> [Activity]
Transcribe all the entries word for word, but omit the images.

> [Dataset extract]

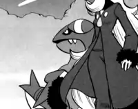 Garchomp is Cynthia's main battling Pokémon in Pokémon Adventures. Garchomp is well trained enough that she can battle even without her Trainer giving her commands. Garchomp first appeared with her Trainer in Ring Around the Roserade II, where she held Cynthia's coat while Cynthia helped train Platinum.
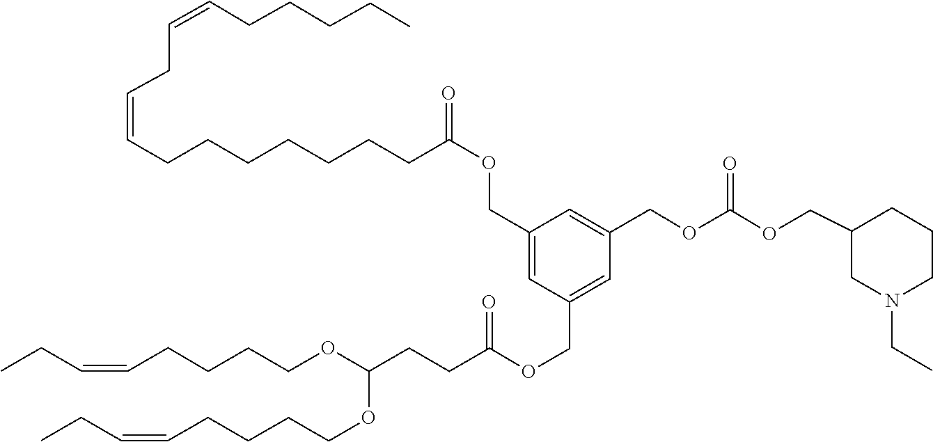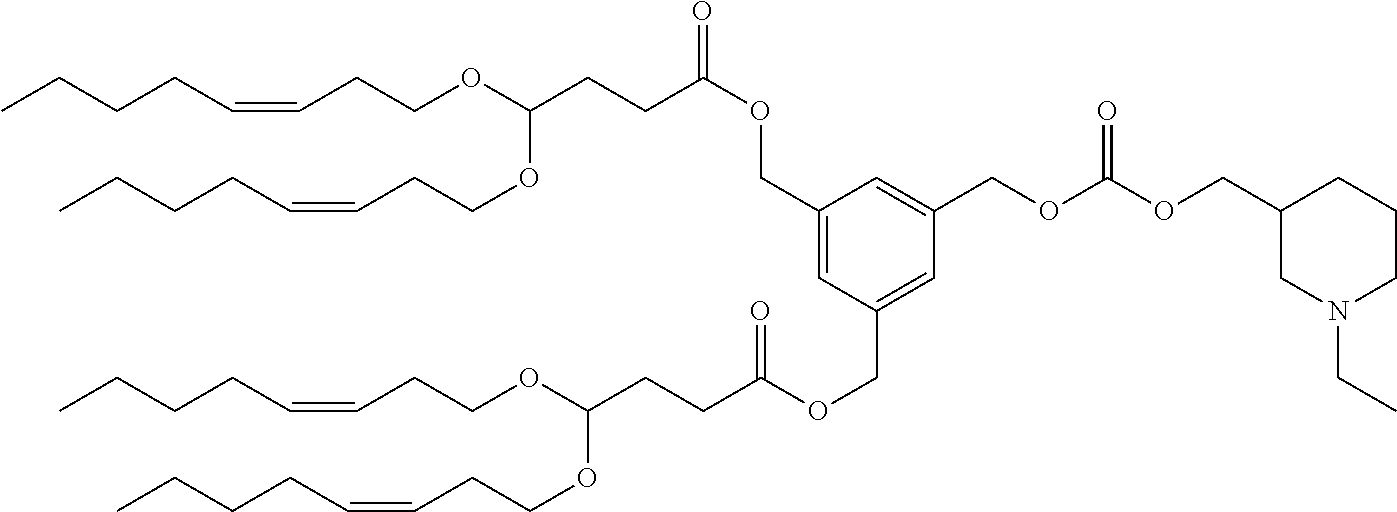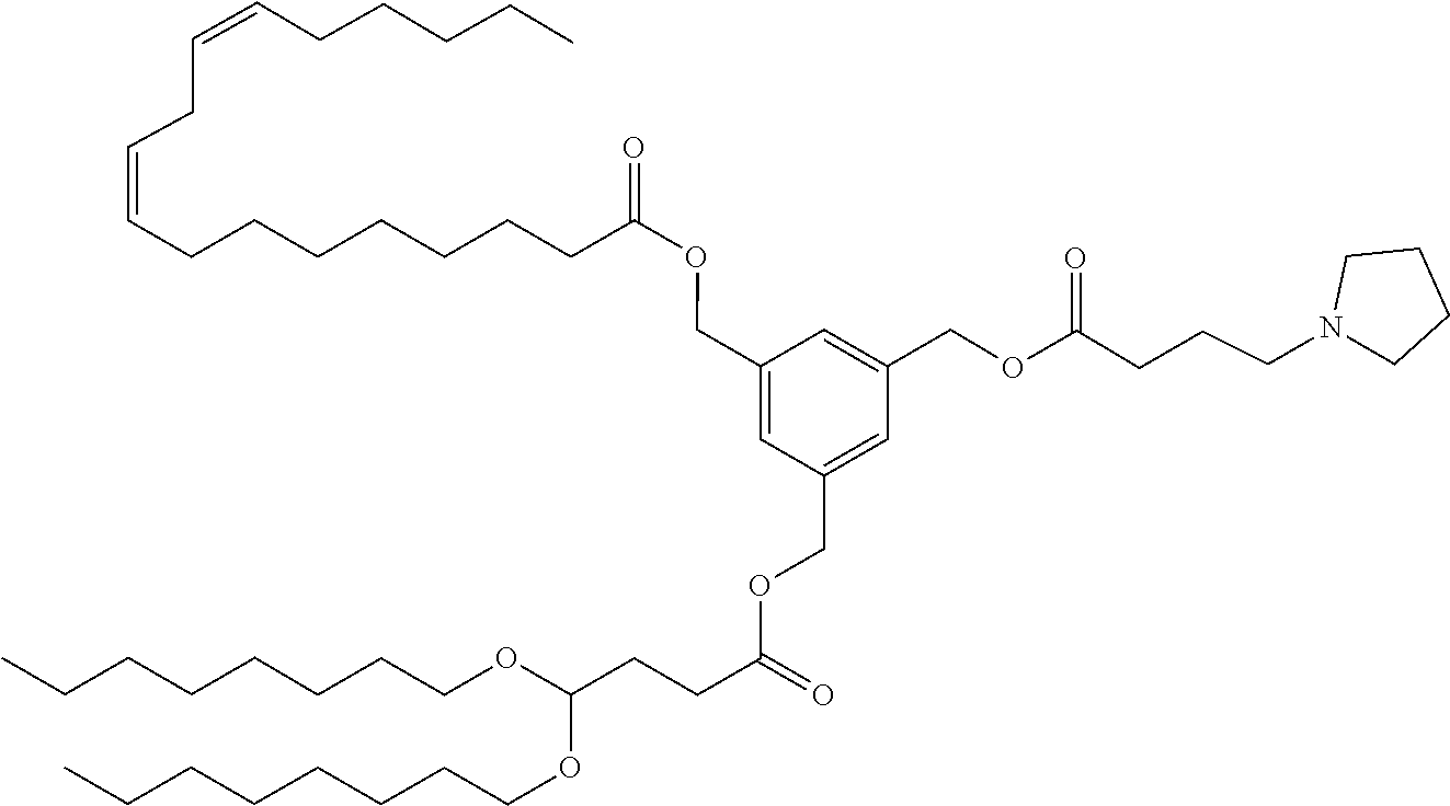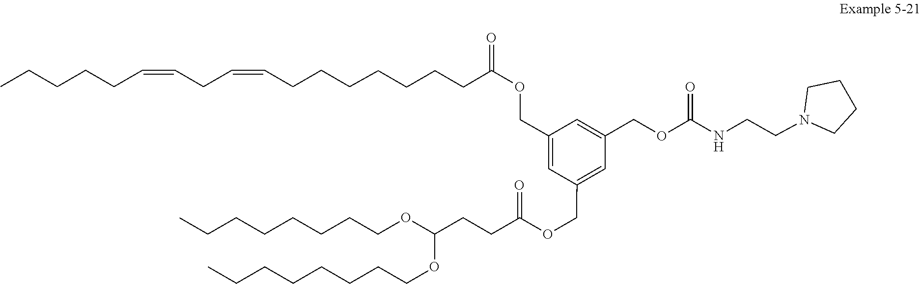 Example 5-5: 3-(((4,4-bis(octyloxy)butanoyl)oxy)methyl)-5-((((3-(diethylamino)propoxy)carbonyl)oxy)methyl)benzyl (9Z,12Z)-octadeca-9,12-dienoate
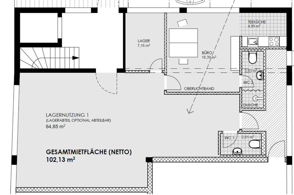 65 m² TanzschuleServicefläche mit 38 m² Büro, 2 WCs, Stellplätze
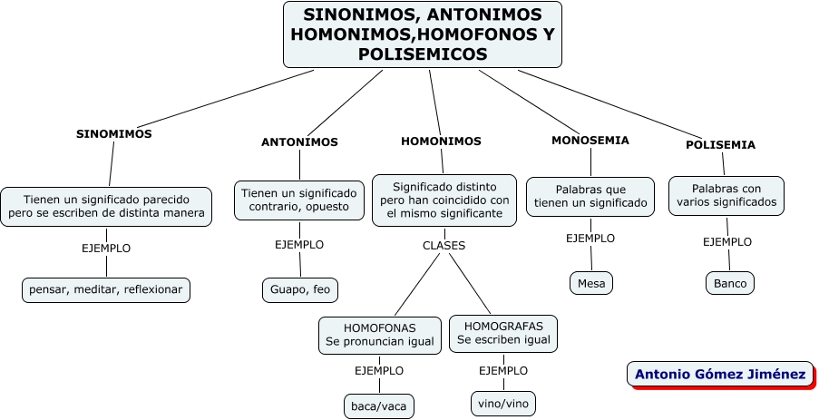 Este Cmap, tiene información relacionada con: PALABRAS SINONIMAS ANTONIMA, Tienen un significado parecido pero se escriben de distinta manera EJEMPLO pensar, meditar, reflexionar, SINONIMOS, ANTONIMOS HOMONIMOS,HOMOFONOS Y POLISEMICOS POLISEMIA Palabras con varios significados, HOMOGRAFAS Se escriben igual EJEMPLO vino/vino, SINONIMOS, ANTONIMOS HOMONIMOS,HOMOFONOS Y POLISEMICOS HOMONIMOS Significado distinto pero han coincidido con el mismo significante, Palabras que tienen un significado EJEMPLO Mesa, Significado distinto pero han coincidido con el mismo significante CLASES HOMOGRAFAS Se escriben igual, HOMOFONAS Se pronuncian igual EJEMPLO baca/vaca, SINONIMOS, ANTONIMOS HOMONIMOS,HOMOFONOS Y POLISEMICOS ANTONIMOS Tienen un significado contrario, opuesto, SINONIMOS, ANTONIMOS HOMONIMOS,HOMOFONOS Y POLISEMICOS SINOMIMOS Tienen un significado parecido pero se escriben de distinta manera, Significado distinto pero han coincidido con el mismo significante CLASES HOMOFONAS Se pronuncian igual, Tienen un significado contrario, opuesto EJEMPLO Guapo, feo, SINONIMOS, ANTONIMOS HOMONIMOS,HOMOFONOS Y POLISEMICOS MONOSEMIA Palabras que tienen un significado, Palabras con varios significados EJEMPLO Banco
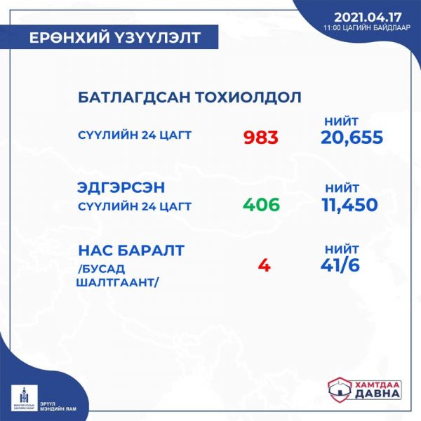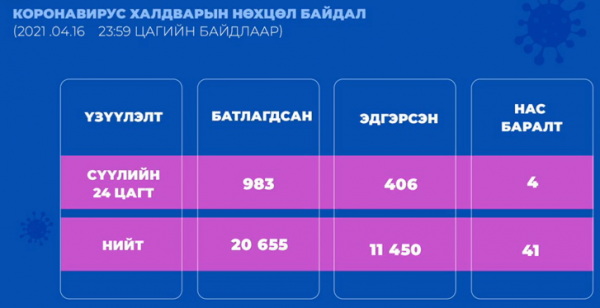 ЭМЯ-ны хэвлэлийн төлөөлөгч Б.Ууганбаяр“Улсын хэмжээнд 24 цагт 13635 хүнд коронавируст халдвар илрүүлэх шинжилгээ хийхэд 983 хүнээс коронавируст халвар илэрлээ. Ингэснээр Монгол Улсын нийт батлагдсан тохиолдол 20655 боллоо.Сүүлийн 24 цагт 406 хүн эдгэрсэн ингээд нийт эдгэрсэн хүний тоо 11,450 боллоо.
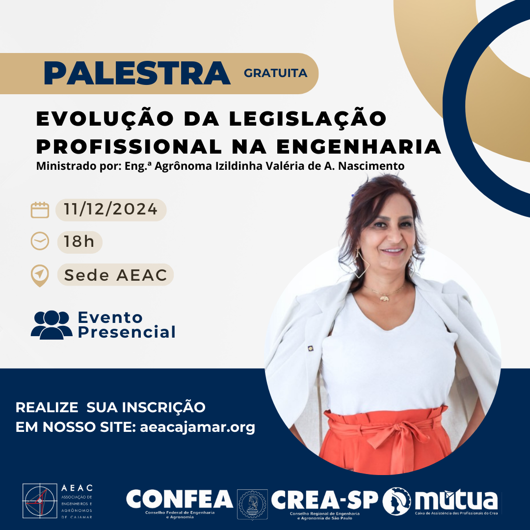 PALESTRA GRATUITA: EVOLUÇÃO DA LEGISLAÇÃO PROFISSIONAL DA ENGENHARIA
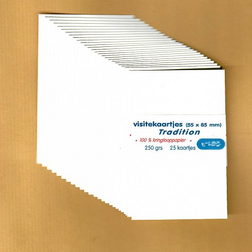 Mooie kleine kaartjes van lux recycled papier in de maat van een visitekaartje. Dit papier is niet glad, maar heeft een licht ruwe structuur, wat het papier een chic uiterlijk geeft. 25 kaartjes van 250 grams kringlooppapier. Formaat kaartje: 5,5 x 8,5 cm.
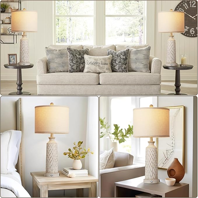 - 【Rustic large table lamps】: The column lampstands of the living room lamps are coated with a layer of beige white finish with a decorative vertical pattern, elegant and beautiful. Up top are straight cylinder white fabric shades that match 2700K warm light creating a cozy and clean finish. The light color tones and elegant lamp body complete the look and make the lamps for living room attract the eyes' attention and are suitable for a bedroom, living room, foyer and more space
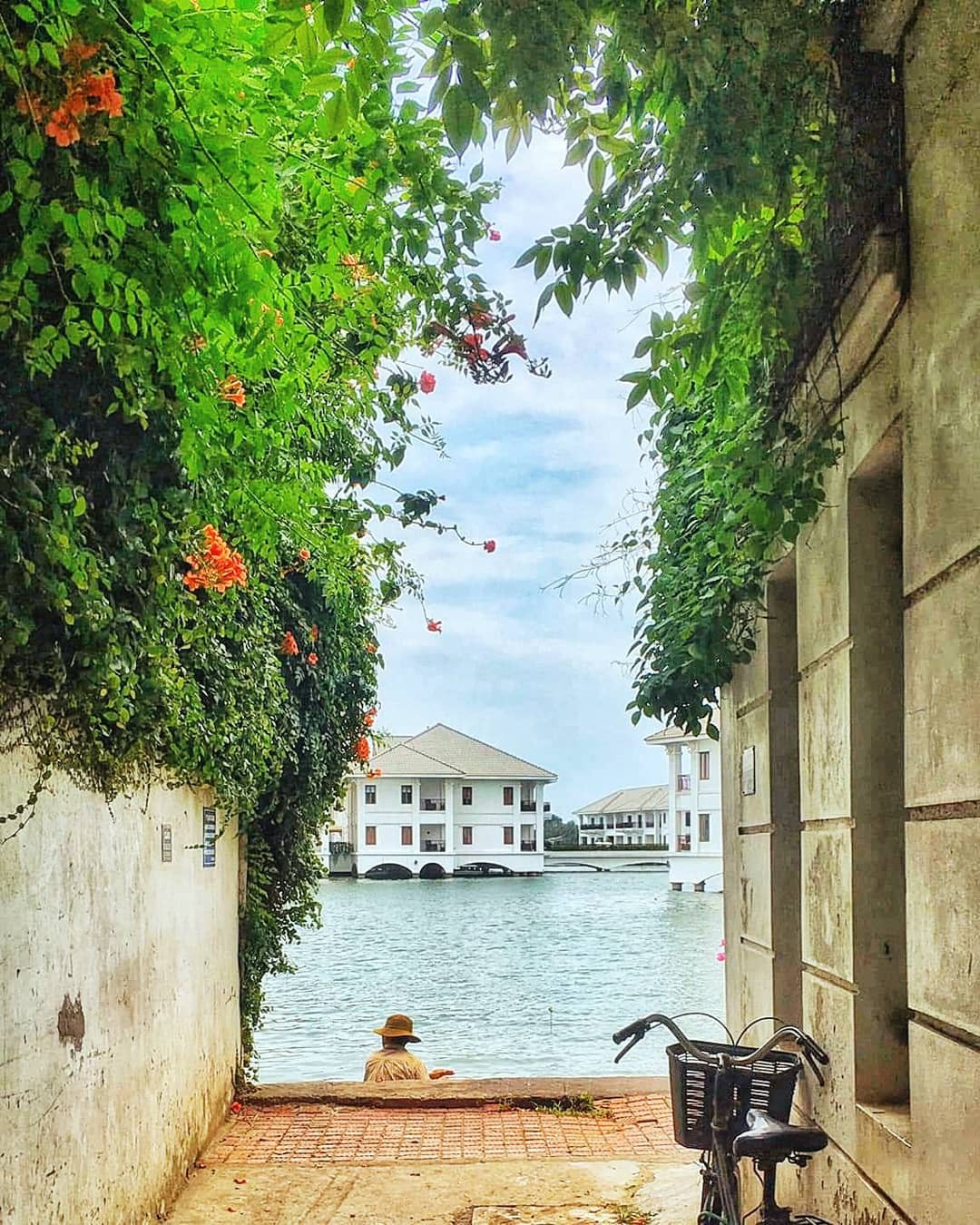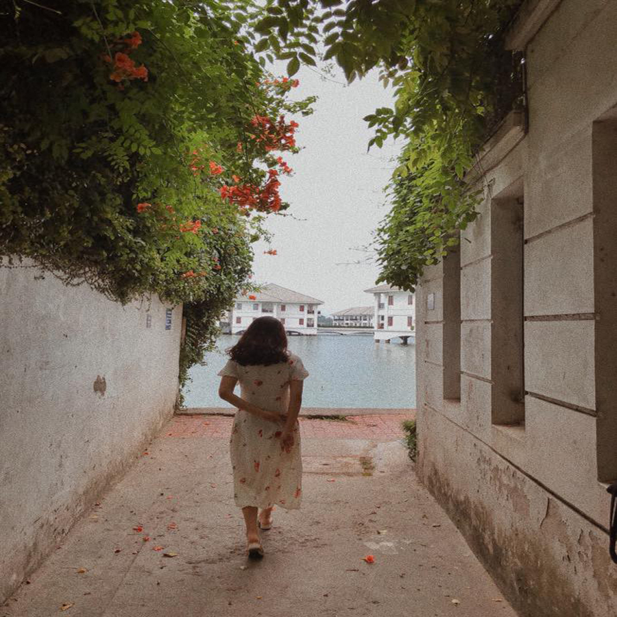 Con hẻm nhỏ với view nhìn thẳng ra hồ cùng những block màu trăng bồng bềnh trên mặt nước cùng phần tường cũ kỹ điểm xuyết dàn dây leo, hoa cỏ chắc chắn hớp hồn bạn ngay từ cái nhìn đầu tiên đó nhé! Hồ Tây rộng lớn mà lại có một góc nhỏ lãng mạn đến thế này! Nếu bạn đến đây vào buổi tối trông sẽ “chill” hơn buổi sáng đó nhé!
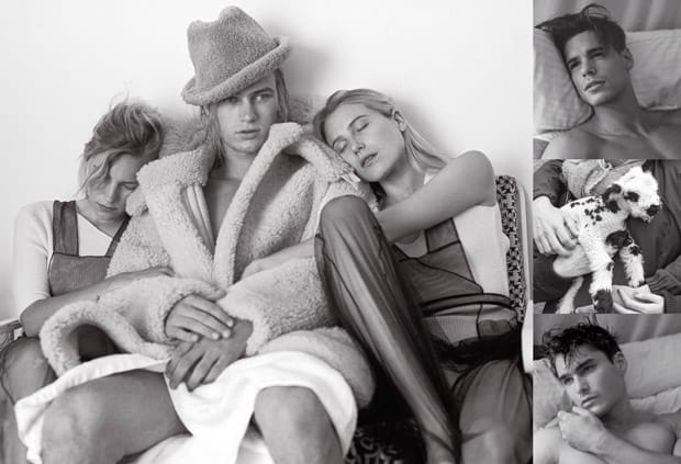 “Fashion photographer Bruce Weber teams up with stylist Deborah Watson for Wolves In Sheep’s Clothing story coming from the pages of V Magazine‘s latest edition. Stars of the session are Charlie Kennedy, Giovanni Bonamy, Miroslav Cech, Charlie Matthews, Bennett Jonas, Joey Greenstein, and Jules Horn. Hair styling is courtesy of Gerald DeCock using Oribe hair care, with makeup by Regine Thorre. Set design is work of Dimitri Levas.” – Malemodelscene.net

> [Problem solution]
 Garchomp is Cynthia's main battling Pokémon in Pokémon Adventures. Garchomp is well trained enough that she can battle even without her Trainer giving her commands. Garchomp first appeared with her Trainer in Ring Around the Roserade II, where she held Cynthia's coat while Cynthia helped train Platinum.
 Example 5-5: 3-(((4,4-bis(octyloxy)butanoyl)oxy)methyl)-5-((((3-(diethylamino)propoxy)carbonyl)oxy)methyl)benzyl (9Z,12Z)-octadeca-9,12-dienoate
 65 m² TanzschuleServicefläche mit 38 m² Büro, 2 WCs, Stellplätze
 Este Cmap, tiene información relacionada con: PALABRAS SINONIMAS ANTONIMA, Tienen un significado parecido pero se escriben de distinta manera EJEMPLO pensar, meditar, reflexionar, SINONIMOS, ANTONIMOS HOMONIMOS,HOMOFONOS Y POLISEMICOS POLISEMIA Palabras con varios significados, HOMOGRAFAS Se escriben igual EJEMPLO vino/vino, SINONIMOS, ANTONIMOS HOMONIMOS,HOMOFONOS Y POLISEMICOS HOMONIMOS Significado distinto pero han coincidido con el mismo significante, Palabras que tienen un significado EJEMPLO Mesa, Significado distinto pero han coincidido con el mismo significante CLASES HOMOGRAFAS Se escriben igual, HOMOFONAS Se pronuncian igual EJEMPLO baca/vaca, SINONIMOS, ANTONIMOS HOMONIMOS,HOMOFONOS Y POLISEMICOS ANTONIMOS Tienen un significado contrario, opuesto, SINONIMOS, ANTONIMOS HOMONIMOS,HOMOFONOS Y POLISEMICOS SINOMIMOS Tienen un significado parecido pero se escriben de distinta manera, Significado distinto pero han coincidido con el mismo significante CLASES HOMOFONAS Se pronuncian igual, Tienen un significado contrario, opuesto EJEMPLO Guapo, feo, SINONIMOS, ANTONIMOS HOMONIMOS,HOMOFONOS Y POLISEMICOS MONOSEMIA Palabras que tienen un significado, Palabras con varios significados EJEMPLO Banco
 ЭМЯ-ны хэвлэлийн төлөөлөгч Б.Ууганбаяр“Улсын хэмжээнд 24 цагт 13635 хүнд коронавируст халдвар илрүүлэх шинжилгээ хийхэд 983 хүнээс коронавируст халвар илэрлээ. Ингэснээр Монгол Улсын нийт батлагдсан тохиолдол 20655 боллоо.Сүүлийн 24 цагт 406 хүн эдгэрсэн ингээд нийт эдгэрсэн хүний тоо 11,450 боллоо.
 PALESTRA GRATUITA: EVOLUÇÃO DA LEGISLAÇÃO PROFISSIONAL DA ENGENHARIA
 Mooie kleine kaartjes van lux recycled papier in de maat van een visitekaartje. Dit papier is niet glad, maar heeft een licht ruwe structuur, wat het papier een chic uiterlijk geeft. 25 kaartjes van 250 grams kringlooppapier. Formaat kaartje: 5,5 x 8,5 cm.
 - 【Rustic large table lamps】: The column lampstands of the living room lamps are coated with a layer of beige white finish with a decorative vertical pattern, elegant and beautiful. Up top are straight cylinder white fabric shades that match 2700K warm light creating a cozy and clean finish. The light color tones and elegant lamp body complete the look and make the lamps for living room attract the eyes' attention and are suitable for a bedroom, living room, foyer and more space
 Con hẻm nhỏ với view nhìn thẳng ra hồ cùng những block màu trăng bồng bềnh trên mặt nước cùng phần tường cũ kỹ điểm xuyết dàn dây leo, hoa cỏ chắc chắn hớp hồn bạn ngay từ cái nhìn đầu tiên đó nhé! Hồ Tây rộng lớn mà lại có một góc nhỏ lãng mạn đến thế này! Nếu bạn đến đây vào buổi tối trông sẽ “chill” hơn buổi sáng đó nhé!
 “Fashion photographer Bruce Weber teams up with stylist Deborah Watson for Wolves In Sheep’s Clothing story coming from the pages of V Magazine‘s latest edition. Stars of the session are Charlie Kennedy, Giovanni Bonamy, Miroslav Cech, Charlie Matthews, Bennett Jonas, Joey Greenstein, and Jules Horn. Hair styling is courtesy of Gerald DeCock using Oribe hair care, with makeup by Regine Thorre. Set design is work of Dimitri Levas.” – Malemodelscene.net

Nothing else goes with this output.